Factor:
(x^3)(z^6)-27y^9
81x^4-16y^4
2x^3+16y^3
You have the usual sum/difference of squares/cubes.
(xz^2)^3 - (3y^3)^3
= (xz^2-3y^3)((xz^2)^2 + (xz^2)(3y^3) + (3y^3)^2)
Similarly, the others are
(9x^2)^2 - (4y^2)^2
and
2(x^3 + (2y)^3)
Just apply your formulas. If you get stuck, come on back and say where.

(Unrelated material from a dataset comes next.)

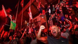 Police officers were seen in the area as fans celebrated but no attempts were made to disperse the good-natured crowd.

To factor these expressions, we need to find the common factors and use some algebraic techniques.
1. (x^3)(z^6) - 27y^9:
We can see that both terms have a power of 3, x^3 as the common factor. And in the second term, 27 can also be expressed as (3^3). Using the difference of cubes formula, we know that a^3 - b^3 = (a - b)(a^2 + ab + b^2). Applying this formula, we have:
(x^3)(z^6) - 3^3(y^3)^3 = (xz^2 - 3y^3)(x^2z^4 + 3xy^3z^2 + 9y^6).
2. 81x^4 - 16y^4:
This expression doesn't have any common factors except for 1. However, it is a special case known as the difference of squares, which can be further factored using the difference of squares formula: a^2 - b^2 = (a + b)(a - b). Applying this formula to our expression, we have:
81x^4 - 16y^4 = (9x^2 + 4y^2)(9x^2 - 4y^2).
3. 2x^3 + 16y^3:
At first glance, it seems that there are no common factors. However, we can factor out a 2 from both terms. So, we have:
2(x^3 + 8y^3).
Unfortunately, the expression x^3 + 8y^3 cannot be factored any further since it is in the form of a sum of cubes. Factoring a sum of cubes follows a different formula: a^3 + b^3 = (a + b)(a^2 - ab + b^2).